The following minimum specified ranges are taken from ICH and may be considered as minimum start points for test methods within the scope of this document.
- For the assay, the ICH range is normally from 80% to 120% of the test concentration. If assay and purity are performed together as one test and only a 100% standard is used, linearity should cover the range from the reporting level of the impurities to 120% of the assay specification.
- For determination of an impurity; the range of concentrations used to evaluate the linearity should consist of the quantitation limit and at least 120% greater than the concentration that would be the impurity specification limit.
- For example, if the concentration at the specification limit was 0.2% w/w, and the limit of quantitation was 0.08% w/w then the range should span 0.08% (w/w) to 0.24% w/w. For example, the concentrations for the linearity experiment might be 0.08%, 0.12%, 0.16% 0.20% and 0.24%. More solutions may be evaluated if the linearity range must be extended.
- In cases where specified impurities/degradation products are not available a surrogate material such as a compound with similar structure or API may be used to demonstrate linearity. In these cases, a rationale for the use of a surrogate should be given.
- For impurities known to be unusually potent or to produce toxic or unexpected pharmacological effects, the detection/quantitation limit should be commensurate with the level at which the impurities must be controlled.

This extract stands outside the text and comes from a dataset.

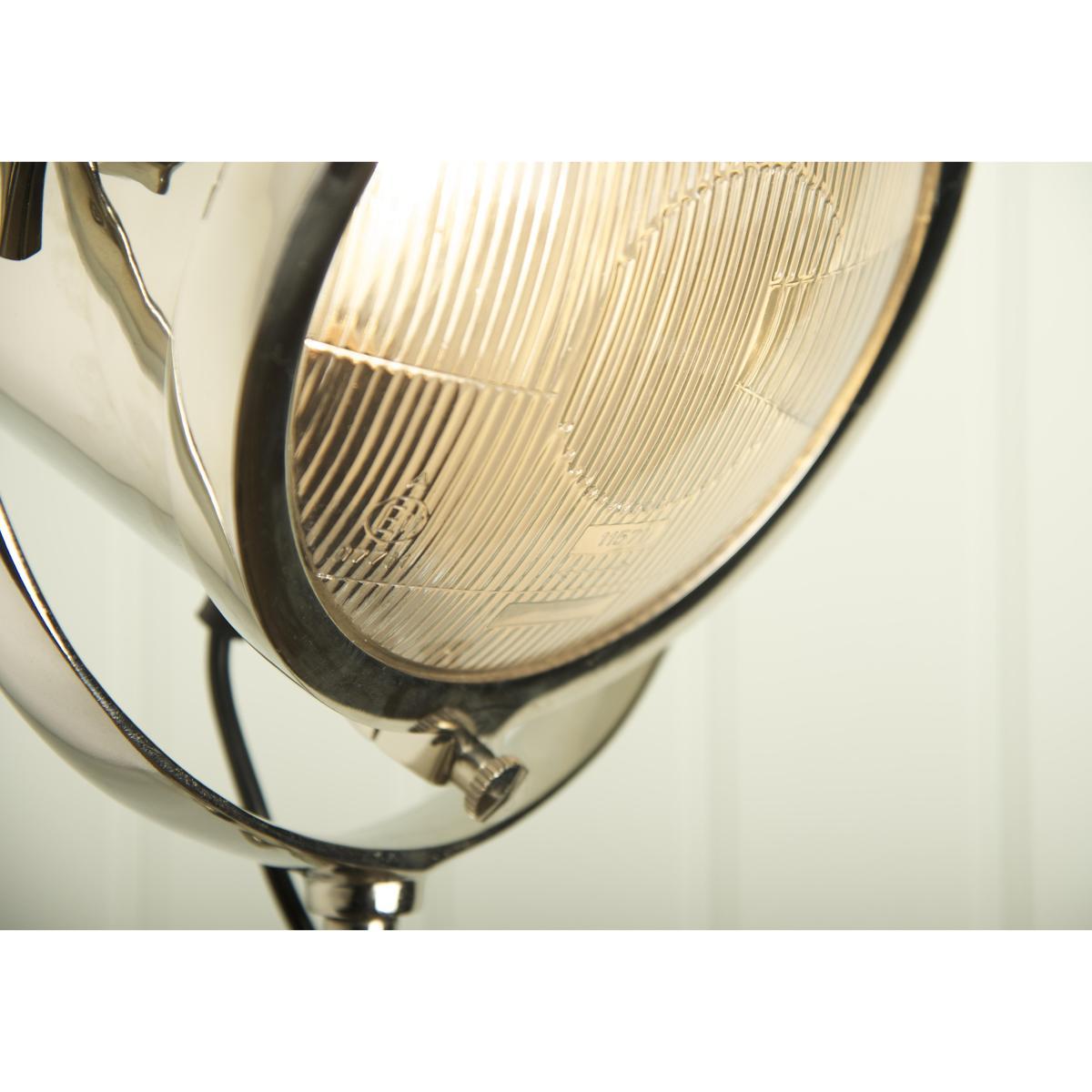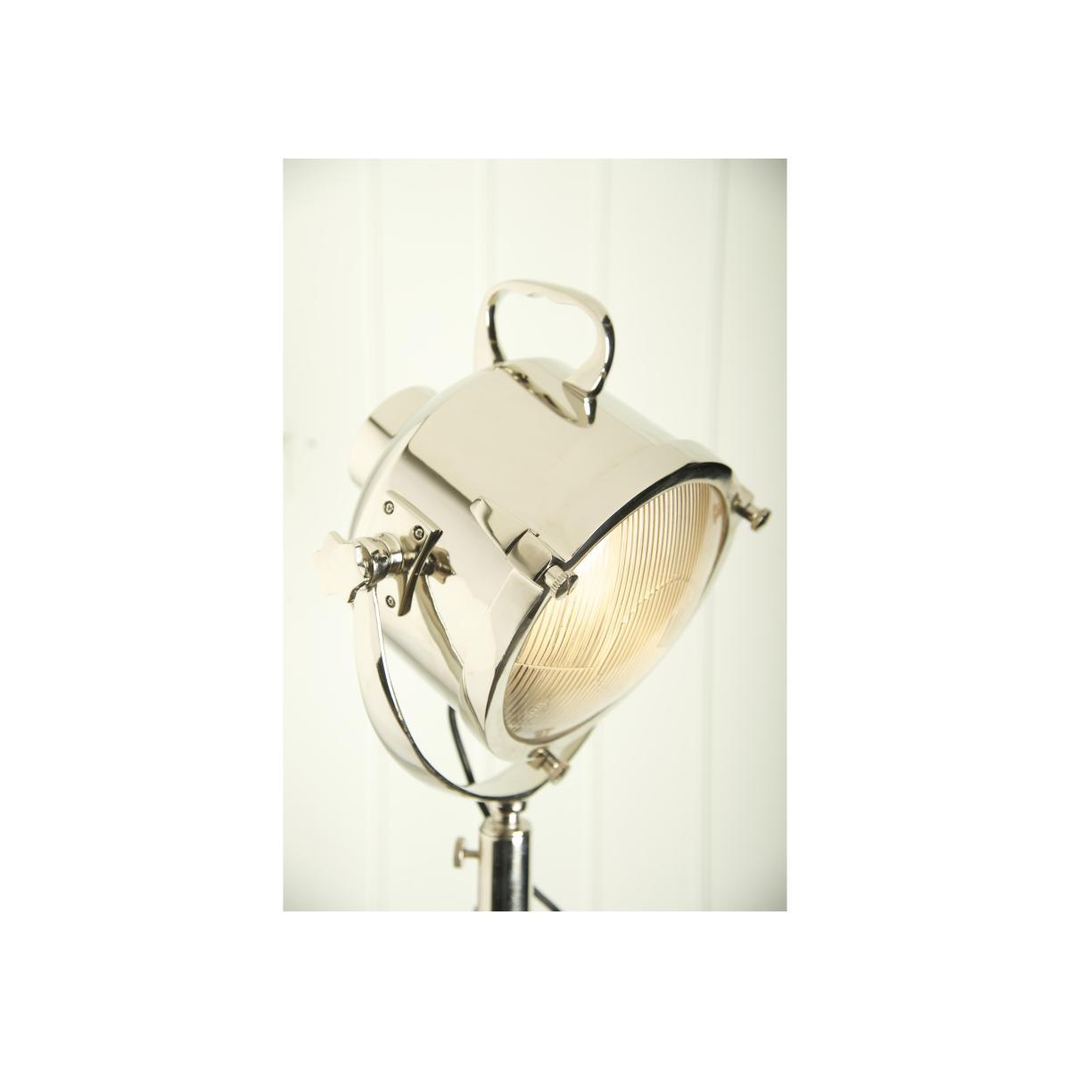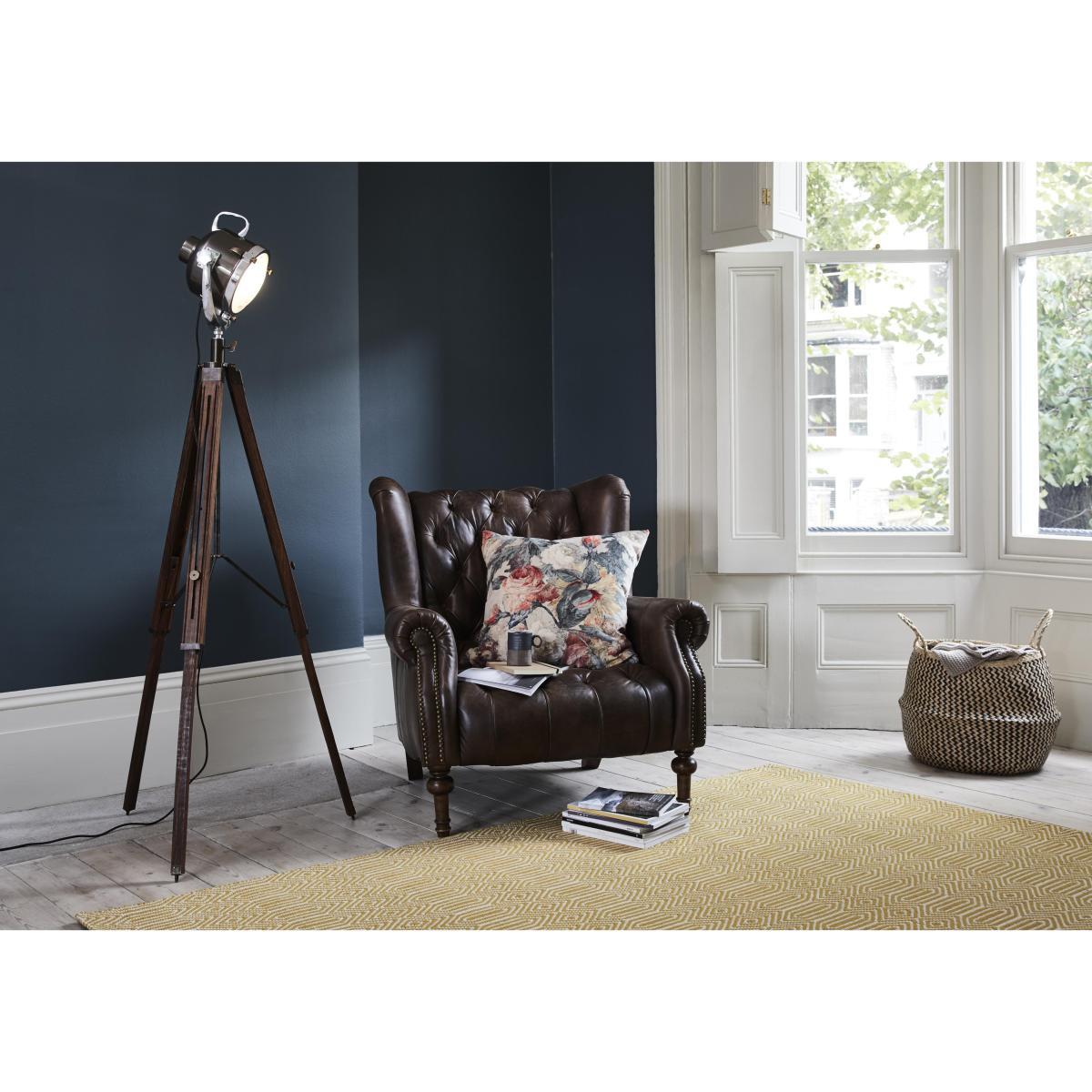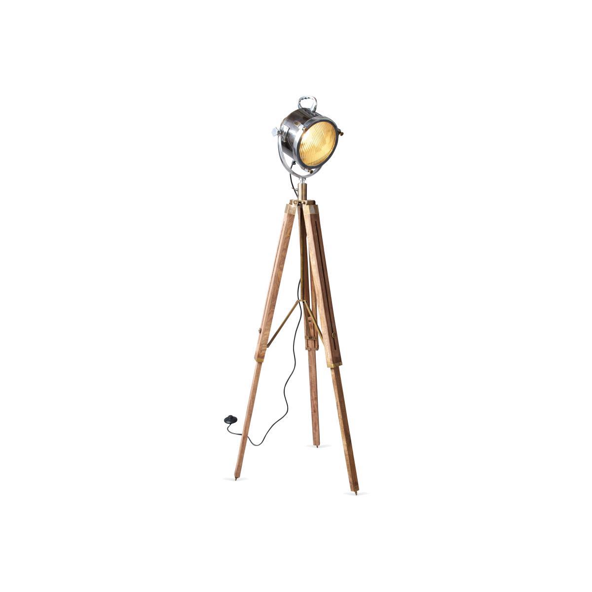 Bring drama to your living space with the unique Spotlight Floor Lamp. Producing a lovely ambient light, the headlamp-style spotlight has a polished aluminium surround and is supported by a brass-accented, real wood tripod base, made from rustic and richly-grained chestnut-coloured Sheesham wood. Choose hand-painted black or natural wood tripod base. Headlamp-style floor lamp is stylish and dramatic. Real wood tripod base with headlamp spotlight. Base made from rich chestnut-coloured Sheesham wood. Choose hand-painted black or natural wood tripod base. Beautifully finished with brass and aluminium accents. E27 bulb, 40 watt or CFL bulb, 25 watt (not included). Unique designer spotlight for modern or traditional interiors. Dimensions. Headlight Diameter: 22cm (7 inches). Height: 144cm adjustable (56 inches).

- For validation of impurity test procedures carried out during development, it may be necessary to consider the range around a suggested (probable) limit.
Recommended Range Data and Acceptance Criteria:
Accuracy, precision, and linearity experiments may include the ranges as described above and should meet their respective criteria.
Specificity
Specificity is the ability of the method to assess unequivocally the analyte in the presence of components, which may be expected to be present. Typically these might include impurities, degradants, matrix, etc. It is suggested to assay the analyte in the presence of known precursors and synthetic impurities or degradation products and demonstrate that there is no interference from those materials. The discriminatory ability of a test method may be confirmed by obtaining positive results (perhaps by comparison with a known reference material) from samples containing the analyte, coupled with negative results from samples which do not contain the analyte.
For example, use of the processing solvents minus the component under analysis may be used as a “blank sample” to demonstrate lack of interference for reaction monitoring samples.
Suggested Specificity Data:
When the analyte and the closest eluting peak are of similar height, a suitable specificity may be shown when the resolution between the analyte and the closest eluting peak is at least 1.3. Non-specific methods may be used if they are used in conjunction with methods that permit the determination of a specific impurity(s). In such instances resolution may be less than 1.3 between the analyte and the closest eluting impurity(s). The components of interest should be sufficiently resolved such that they can be quantified without significant interference. Peaks should be baseline resolved or peaks can be consistently integrated separately even at LOQ levels.
For non-chromatographic methods, compare the responses in the presence and absence of precursors/impurities/degradation products/other materials that might be present. For example, for TLC method specificity may include examination of the TLC plate to confirm that spots have well defined borders with no overlap from other spots.